Data under study:
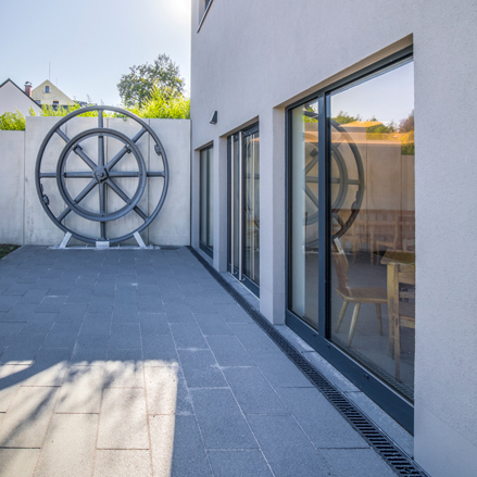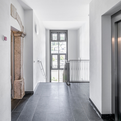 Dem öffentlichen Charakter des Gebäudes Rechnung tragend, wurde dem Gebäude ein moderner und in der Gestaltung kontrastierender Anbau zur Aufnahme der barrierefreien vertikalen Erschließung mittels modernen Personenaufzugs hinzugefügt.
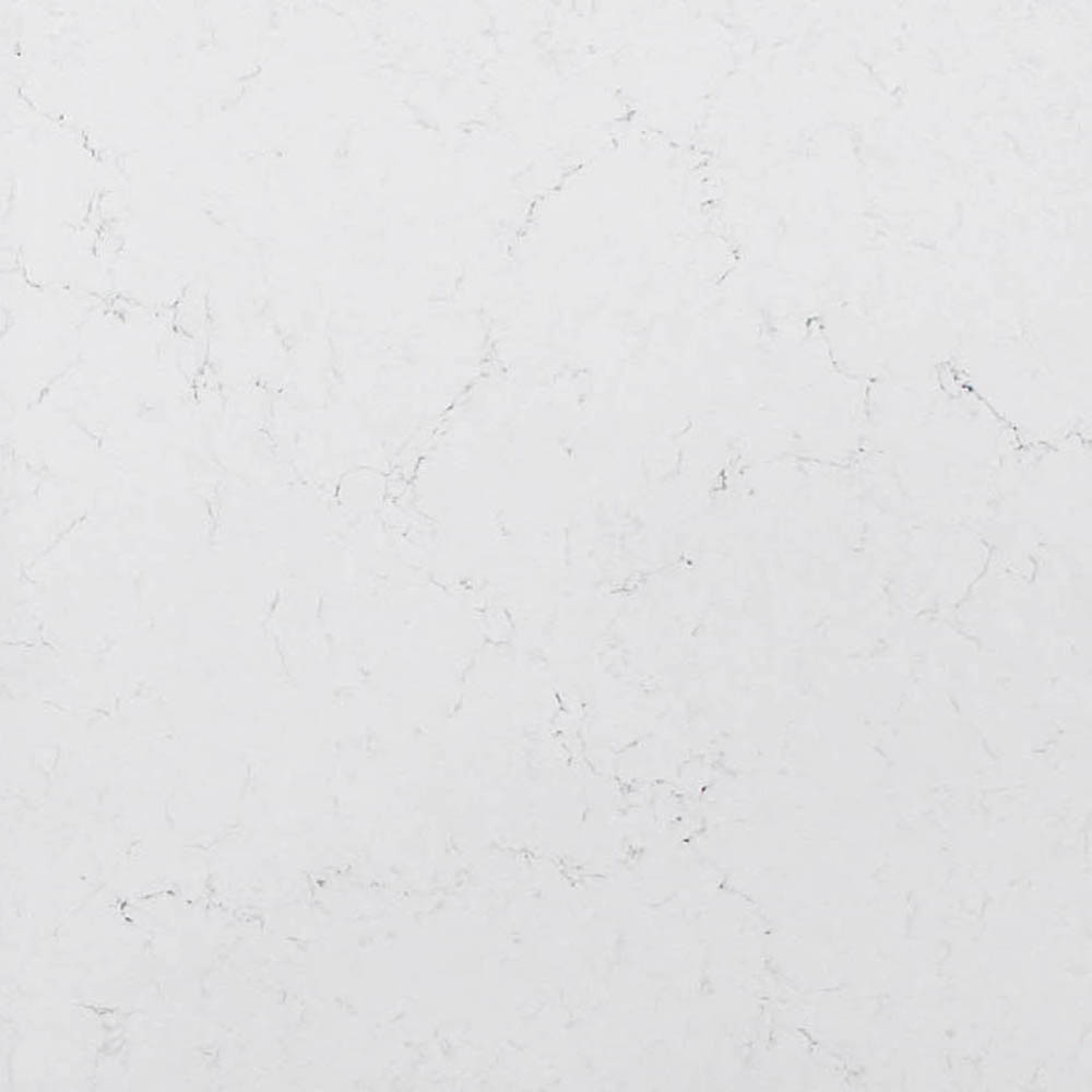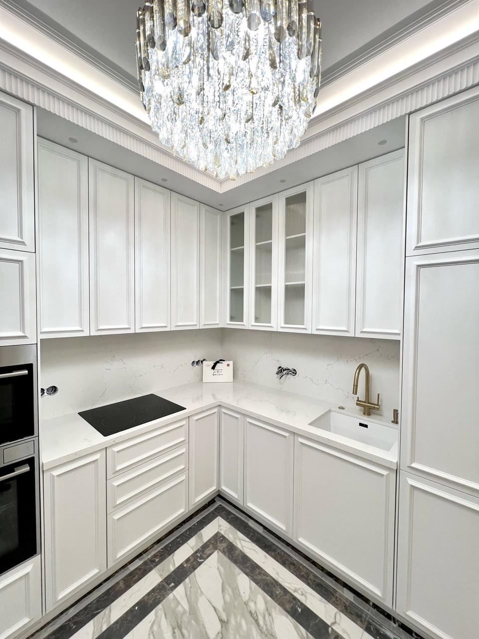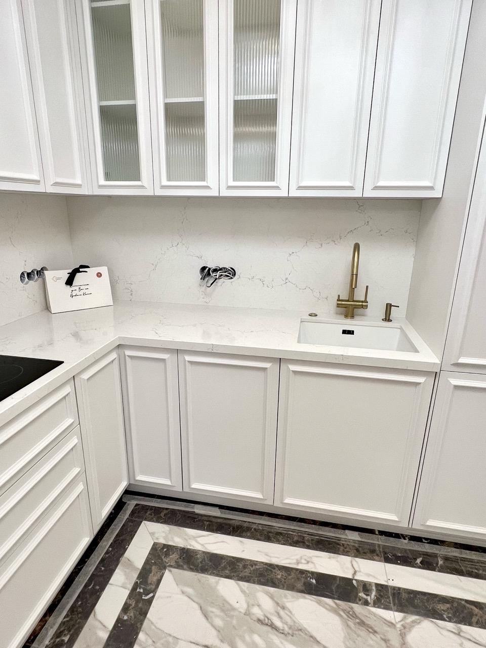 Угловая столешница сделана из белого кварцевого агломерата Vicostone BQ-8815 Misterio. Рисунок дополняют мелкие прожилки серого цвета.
==
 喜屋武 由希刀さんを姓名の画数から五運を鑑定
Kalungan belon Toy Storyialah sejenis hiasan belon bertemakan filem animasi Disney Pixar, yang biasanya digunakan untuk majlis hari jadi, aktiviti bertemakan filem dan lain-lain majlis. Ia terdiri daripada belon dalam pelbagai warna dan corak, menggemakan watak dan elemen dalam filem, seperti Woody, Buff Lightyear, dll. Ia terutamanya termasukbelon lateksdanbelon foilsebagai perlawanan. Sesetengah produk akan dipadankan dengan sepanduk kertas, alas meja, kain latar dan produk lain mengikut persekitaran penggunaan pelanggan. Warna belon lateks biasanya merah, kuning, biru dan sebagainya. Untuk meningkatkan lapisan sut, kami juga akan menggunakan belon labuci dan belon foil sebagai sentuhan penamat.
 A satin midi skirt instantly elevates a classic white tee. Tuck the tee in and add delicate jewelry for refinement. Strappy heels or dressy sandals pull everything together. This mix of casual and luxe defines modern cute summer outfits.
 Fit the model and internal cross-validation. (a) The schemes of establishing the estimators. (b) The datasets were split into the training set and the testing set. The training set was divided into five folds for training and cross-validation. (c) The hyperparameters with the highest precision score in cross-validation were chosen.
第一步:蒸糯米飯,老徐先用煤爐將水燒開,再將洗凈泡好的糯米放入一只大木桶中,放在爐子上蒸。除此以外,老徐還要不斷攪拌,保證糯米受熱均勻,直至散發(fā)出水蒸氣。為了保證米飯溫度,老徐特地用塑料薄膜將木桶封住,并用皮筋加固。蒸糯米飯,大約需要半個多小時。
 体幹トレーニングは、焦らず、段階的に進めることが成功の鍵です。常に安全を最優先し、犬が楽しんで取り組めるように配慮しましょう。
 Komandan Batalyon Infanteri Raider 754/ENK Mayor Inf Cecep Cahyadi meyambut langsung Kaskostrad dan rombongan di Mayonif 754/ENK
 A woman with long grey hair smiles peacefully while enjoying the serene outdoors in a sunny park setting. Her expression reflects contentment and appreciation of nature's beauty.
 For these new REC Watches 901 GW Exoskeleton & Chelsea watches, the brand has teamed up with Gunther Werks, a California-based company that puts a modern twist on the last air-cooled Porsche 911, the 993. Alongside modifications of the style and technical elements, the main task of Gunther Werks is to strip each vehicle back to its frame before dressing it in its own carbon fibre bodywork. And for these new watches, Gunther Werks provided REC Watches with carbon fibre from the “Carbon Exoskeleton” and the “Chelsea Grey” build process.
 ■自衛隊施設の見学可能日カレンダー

To do: Above this instruction are the records; retype exactly the lines from the one containing "第一步:蒸糯米飯,老徐先用煤" up to and including the one containing "A woman with".

Response below:
第一步:蒸糯米飯,老徐先用煤爐將水燒開,再將洗凈泡好的糯米放入一只大木桶中,放在爐子上蒸。除此以外,老徐還要不斷攪拌,保證糯米受熱均勻,直至散發(fā)出水蒸氣。為了保證米飯溫度,老徐特地用塑料薄膜將木桶封住,并用皮筋加固。蒸糯米飯,大約需要半個多小時。
 体幹トレーニングは、焦らず、段階的に進めることが成功の鍵です。常に安全を最優先し、犬が楽しんで取り組めるように配慮しましょう。
 Komandan Batalyon Infanteri Raider 754/ENK Mayor Inf Cecep Cahyadi meyambut langsung Kaskostrad dan rombongan di Mayonif 754/ENK
 A woman with long grey hair smiles peacefully while enjoying the serene outdoors in a sunny park setting. Her expression reflects contentment and appreciation of nature's beauty.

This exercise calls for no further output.